With the introduction of FAT32, both the FAT entries and the sector numbering are now 32-bit. That means that there are now 4,294,967,296 distinct 32-bit values multiplied by 512 bytes per sector yielding 2 terabytes (2,199,023,255,552 bytes) as the maximum possible disk size under FAT32.

The size of the directory entry for each file in FAT 32 is 4 bytes to contain the value of the starting cluster of the file rather than the 2 bytes needed under FAT16.   The larger value accommodates the larger number of possible clusters.

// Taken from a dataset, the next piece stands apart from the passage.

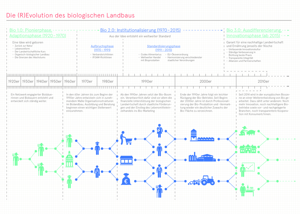 Rechteinhaberin: BIO-WISSEN.org / Grafik: Andreas Pawlik (dform), Maximilian Fabigan / Redaktion: Reinhard Gessl, Elisabeth Klingbacher (FIBL Österreich), Alexander Martos (Science Communications Research) / Copyright: »Die (R)Evolution des biologischen Landbaus« von BIO-WISSEN.org ist lizenziert unter einer Creative Commons Namensnennung 4.0 International Lizenz.

Traditionally, each directory entry is a 32-byte record, and this remains the same.  In the middle of the directory record there is 10 bytes (bytes 12 to 21) that Microsoft has reserved for its own future use.  Two of those bytes are now used to accommodate the extra bytes needed to specify the starting cluster under FAT32.

As we have already discussed that there have been 12 bit, 16 bit, and 32 bit versions of FAT.  While 32 bit FAT allows much more efficient storage which may be up to 30% more efficient and use of larger hard drives.

When the File System of an Operating System is invoked by a program to find the contents of a file, the first cluster value, in the directory entry for that file, is read and used to find the FAT chain.  The FAT chain is the list of clusters that contain data belonging to a file.